Используемые виды микроскопии

Фазовый контраст

Фазово-контрастная микроскопия : замедленное видео деления сперматоцитов погремушки кузнечика . Этот исторический фильм, популяризировавший фазово-контрастную микроскопию, был снят в начале 1940-х годов Куртом Мишелем из компании Carl Zeiss . ^[10]

До появления фазово-контрастного микроскопа наблюдать живые клетки было сложно. Поскольку живые клетки полупрозрачны, их необходимо окрасить , чтобы их можно было увидеть в традиционный световой микроскоп . К сожалению, процесс окрашивания клеток обычно убивает их. С изобретением фазово-контрастной микроскопии стало возможным детально наблюдать неокрашенные живые клетки. После своего появления в 1940-х годах визуализация живых клеток с использованием фазово-контрастной микроскопии быстро стала популярной. ^[11] Фазово-контрастный микроскоп был популяризирован благодаря серии замедленных видеороликов (см. видео), снятых с помощью фотопленочной камеры. ^[12] Его изобретатель, Фриц Цернике , был удостоен Нобелевской премии в 1953 году. ^[13] Другие более поздние методы фазового контраста, используемые для наблюдения неокрашенных клеток, - это модуляция Хоффмана и дифференциально-интерференционная контрастная микроскопия.

флуоресцентный

Покадровая видеофлуоресцентная микроскопия делящегося эмбриона фиолетового морского ежа . ^[14]

Фазово-контрастная микроскопия не позволяет наблюдать специфические белки или другие органические химические соединения, которые образуют сложный механизм клетки.

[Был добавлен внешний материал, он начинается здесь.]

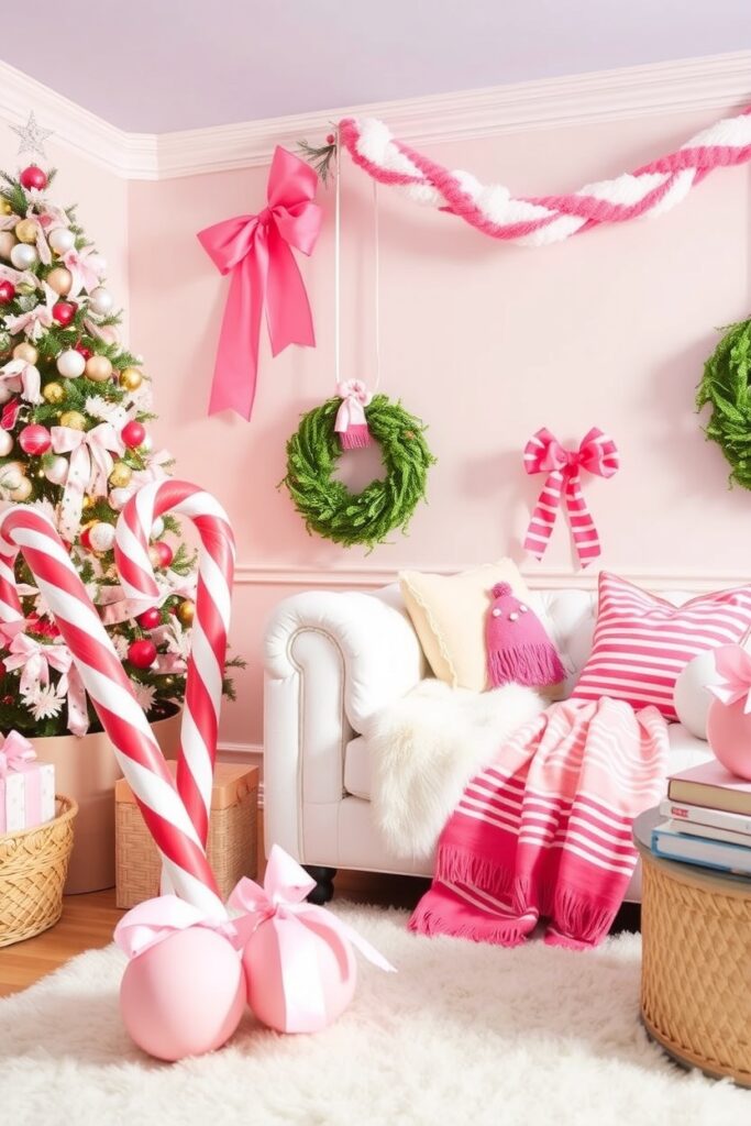 Think giant candy canes leaning by your sofa, soft pink baubles, and striped throws. The trick is to balance the sweetness with neutrals a white rug or soft beige walls to ground it all.

Поэтому для маркировки таких соединений были разработаны синтетические и органические флуоресцентные красители , что позволяет наблюдать их с помощью флуоресцентной микроскопии (см. видео). ^[15] Однако флуоресцентные пятна фототоксичны , инвазивны и отбеливают при наблюдении. Это ограничивает их использование при наблюдении живых клеток в течение длительных периодов времени. Поэтому неинвазивные методы фазового контраста часто используются в качестве жизненно важного дополнения к флуоресцентной микроскопии при визуализации живых клеток. ^{[16] [17]} Однако методы флуоресцентной микроскопии с глубоким обучением помогают снизить световую нагрузку и фототоксичность и позволяют даже повторять живые изображения с высоким разрешением. ^[18]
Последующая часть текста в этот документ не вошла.